» EXERCISE BRIEF
Your response to the data below should hold nothing except the lines from the one containing "Here are two" down to the one containing "16日,在横滨,示威者躺在即将举行安保法案听证会的酒店前抗议。 新华/美联", reproduced exactly and without pictures.

--- GIVEN ENTRIES ---

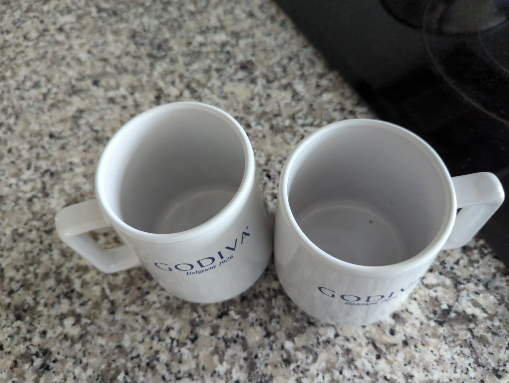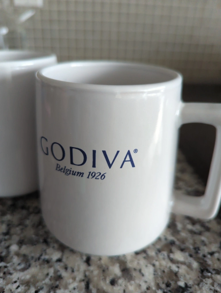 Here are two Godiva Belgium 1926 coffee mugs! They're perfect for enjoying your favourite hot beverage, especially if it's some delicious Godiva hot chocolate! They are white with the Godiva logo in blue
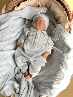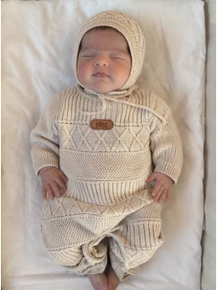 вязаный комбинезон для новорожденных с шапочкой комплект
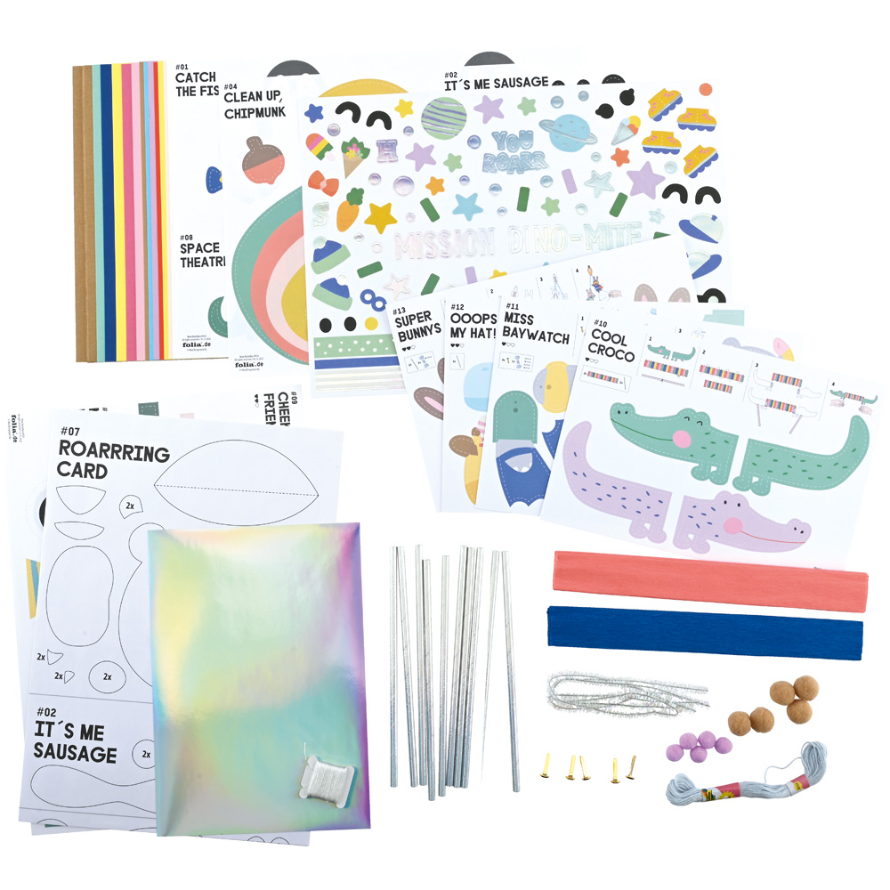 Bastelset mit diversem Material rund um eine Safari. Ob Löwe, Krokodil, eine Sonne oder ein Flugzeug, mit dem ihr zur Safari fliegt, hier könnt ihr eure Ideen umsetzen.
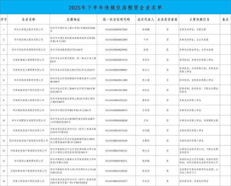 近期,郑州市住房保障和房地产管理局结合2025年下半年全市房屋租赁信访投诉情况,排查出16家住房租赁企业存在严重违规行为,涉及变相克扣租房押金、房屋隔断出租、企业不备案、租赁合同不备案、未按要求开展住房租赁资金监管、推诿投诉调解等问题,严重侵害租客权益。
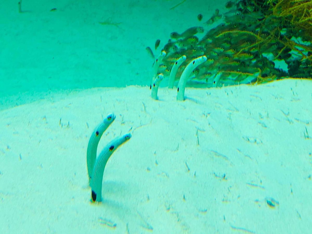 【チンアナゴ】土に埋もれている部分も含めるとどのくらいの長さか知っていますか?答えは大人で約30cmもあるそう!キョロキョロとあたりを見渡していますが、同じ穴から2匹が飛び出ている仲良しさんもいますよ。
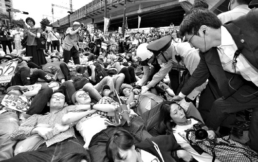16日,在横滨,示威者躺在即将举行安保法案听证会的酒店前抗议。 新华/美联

---
--- GIVEN ENTRIES ---

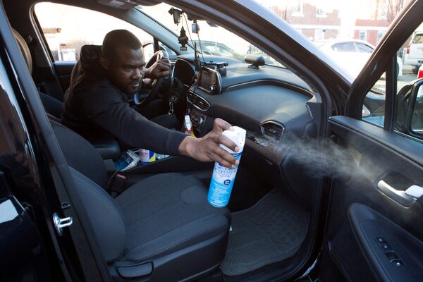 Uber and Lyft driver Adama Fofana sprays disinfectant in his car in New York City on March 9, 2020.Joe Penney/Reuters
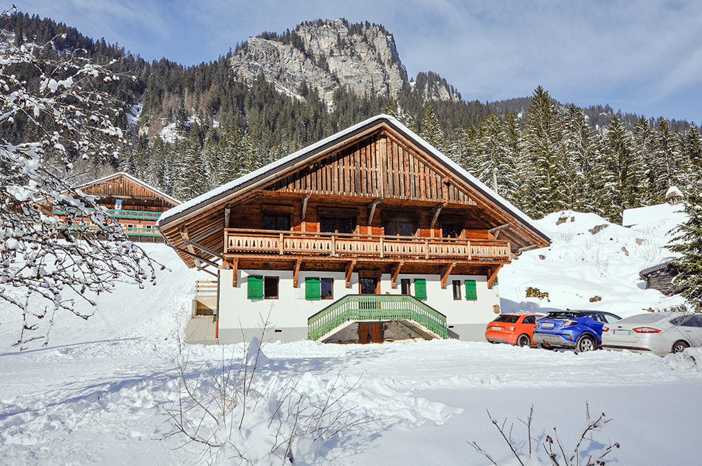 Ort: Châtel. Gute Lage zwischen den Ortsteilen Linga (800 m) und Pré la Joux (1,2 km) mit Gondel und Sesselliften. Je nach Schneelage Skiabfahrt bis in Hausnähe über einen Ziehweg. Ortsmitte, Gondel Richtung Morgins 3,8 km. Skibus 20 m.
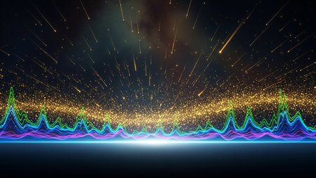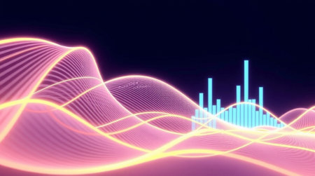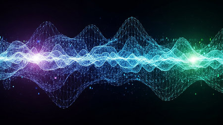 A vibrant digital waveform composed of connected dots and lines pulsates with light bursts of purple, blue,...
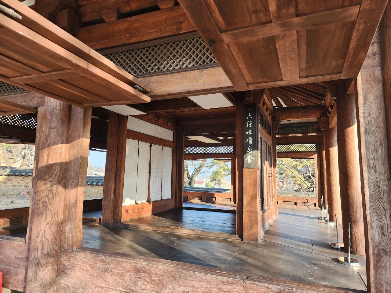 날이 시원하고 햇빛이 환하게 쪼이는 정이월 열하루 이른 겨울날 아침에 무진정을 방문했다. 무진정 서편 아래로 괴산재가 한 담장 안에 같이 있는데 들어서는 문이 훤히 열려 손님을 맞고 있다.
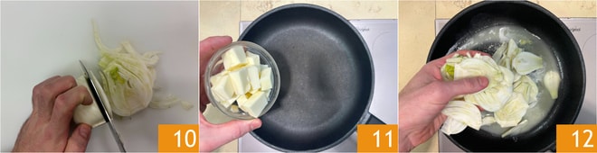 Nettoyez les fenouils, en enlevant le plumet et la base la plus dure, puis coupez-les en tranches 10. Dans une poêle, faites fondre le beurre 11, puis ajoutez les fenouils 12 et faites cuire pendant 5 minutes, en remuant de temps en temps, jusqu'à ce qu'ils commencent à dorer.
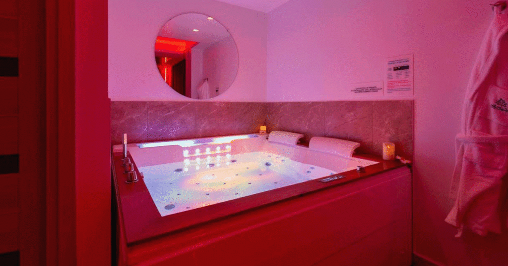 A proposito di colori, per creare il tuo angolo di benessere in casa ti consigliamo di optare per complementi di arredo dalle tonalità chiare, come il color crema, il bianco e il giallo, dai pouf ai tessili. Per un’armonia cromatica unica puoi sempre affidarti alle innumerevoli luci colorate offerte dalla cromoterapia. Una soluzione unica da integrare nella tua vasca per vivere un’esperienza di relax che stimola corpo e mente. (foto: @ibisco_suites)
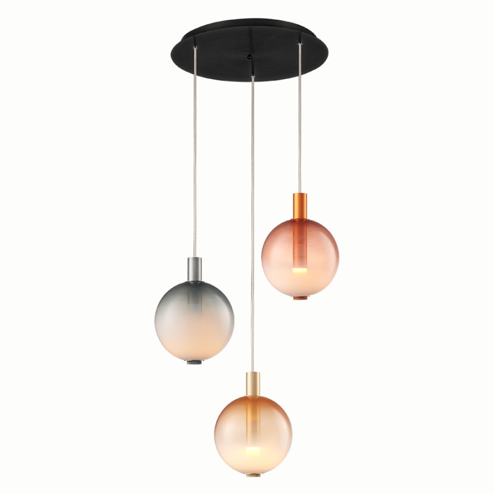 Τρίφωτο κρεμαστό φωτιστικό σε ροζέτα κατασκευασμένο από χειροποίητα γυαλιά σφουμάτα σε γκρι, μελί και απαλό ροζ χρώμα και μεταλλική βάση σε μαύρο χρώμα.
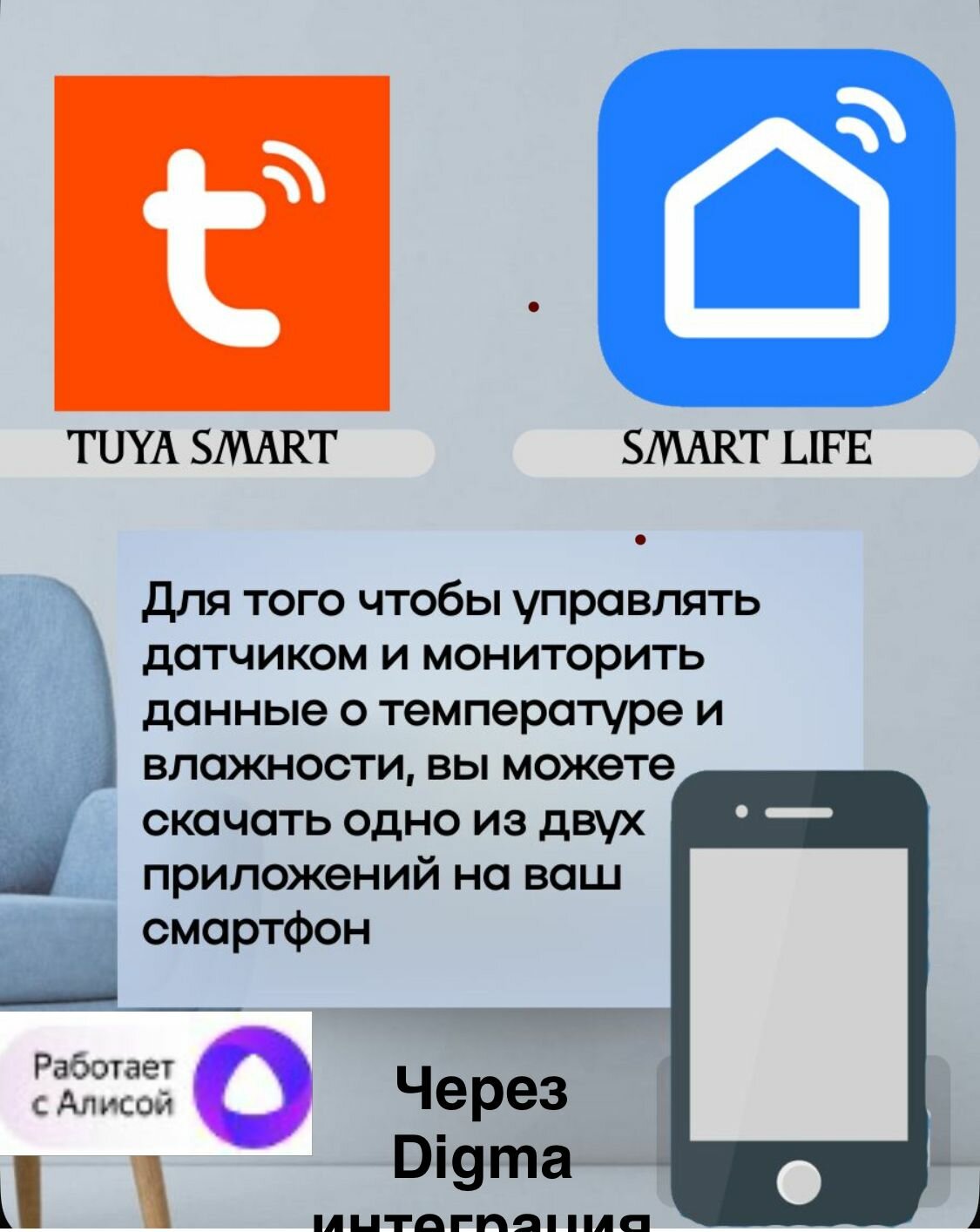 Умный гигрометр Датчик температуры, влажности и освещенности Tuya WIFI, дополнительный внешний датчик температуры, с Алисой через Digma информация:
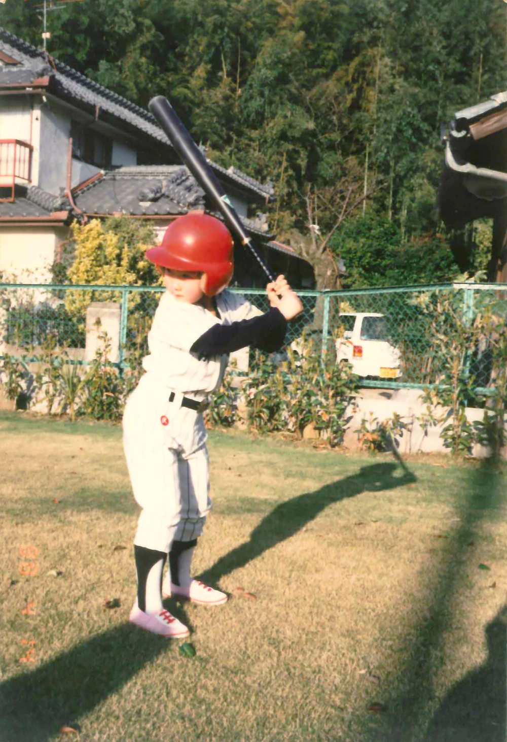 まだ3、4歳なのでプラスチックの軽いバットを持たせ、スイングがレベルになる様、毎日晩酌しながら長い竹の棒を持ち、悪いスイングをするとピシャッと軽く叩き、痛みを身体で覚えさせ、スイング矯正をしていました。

---
--- GIVEN ENTRIES ---

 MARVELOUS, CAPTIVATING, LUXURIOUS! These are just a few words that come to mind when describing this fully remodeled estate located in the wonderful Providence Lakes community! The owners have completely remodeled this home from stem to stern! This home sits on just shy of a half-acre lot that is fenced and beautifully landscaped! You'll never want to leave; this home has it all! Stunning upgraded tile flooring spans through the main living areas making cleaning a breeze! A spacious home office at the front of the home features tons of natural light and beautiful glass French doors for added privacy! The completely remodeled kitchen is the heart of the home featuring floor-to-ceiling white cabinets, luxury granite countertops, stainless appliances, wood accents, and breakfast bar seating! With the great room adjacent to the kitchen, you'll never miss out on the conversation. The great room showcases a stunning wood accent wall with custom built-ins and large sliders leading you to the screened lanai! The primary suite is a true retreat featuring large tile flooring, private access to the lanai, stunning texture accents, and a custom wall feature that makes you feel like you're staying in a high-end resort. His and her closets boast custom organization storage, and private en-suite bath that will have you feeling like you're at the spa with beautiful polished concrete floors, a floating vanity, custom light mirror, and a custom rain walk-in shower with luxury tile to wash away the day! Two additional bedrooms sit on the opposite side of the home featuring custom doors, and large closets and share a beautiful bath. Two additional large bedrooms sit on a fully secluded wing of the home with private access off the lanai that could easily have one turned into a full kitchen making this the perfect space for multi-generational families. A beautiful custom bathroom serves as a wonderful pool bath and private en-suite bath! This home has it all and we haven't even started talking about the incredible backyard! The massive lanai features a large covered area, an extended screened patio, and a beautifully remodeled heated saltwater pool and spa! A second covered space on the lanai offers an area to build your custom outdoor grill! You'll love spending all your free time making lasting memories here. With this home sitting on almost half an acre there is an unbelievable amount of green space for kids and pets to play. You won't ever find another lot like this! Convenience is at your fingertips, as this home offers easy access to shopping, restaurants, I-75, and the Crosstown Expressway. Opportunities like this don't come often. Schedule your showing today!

---

» TASK OUTPUT
 Here are two Godiva Belgium 1926 coffee mugs! They're perfect for enjoying your favourite hot beverage, especially if it's some delicious Godiva hot chocolate! They are white with the Godiva logo in blue
 вязаный комбинезон для новорожденных с шапочкой комплект
 Bastelset mit diversem Material rund um eine Safari. Ob Löwe, Krokodil, eine Sonne oder ein Flugzeug, mit dem ihr zur Safari fliegt, hier könnt ihr eure Ideen umsetzen.
 近期,郑州市住房保障和房地产管理局结合2025年下半年全市房屋租赁信访投诉情况,排查出16家住房租赁企业存在严重违规行为,涉及变相克扣租房押金、房屋隔断出租、企业不备案、租赁合同不备案、未按要求开展住房租赁资金监管、推诿投诉调解等问题,严重侵害租客权益。
 【チンアナゴ】土に埋もれている部分も含めるとどのくらいの長さか知っていますか?答えは大人で約30cmもあるそう!キョロキョロとあたりを見渡していますが、同じ穴から2匹が飛び出ている仲良しさんもいますよ。
16日,在横滨,示威者躺在即将举行安保法案听证会的酒店前抗议。 新华/美联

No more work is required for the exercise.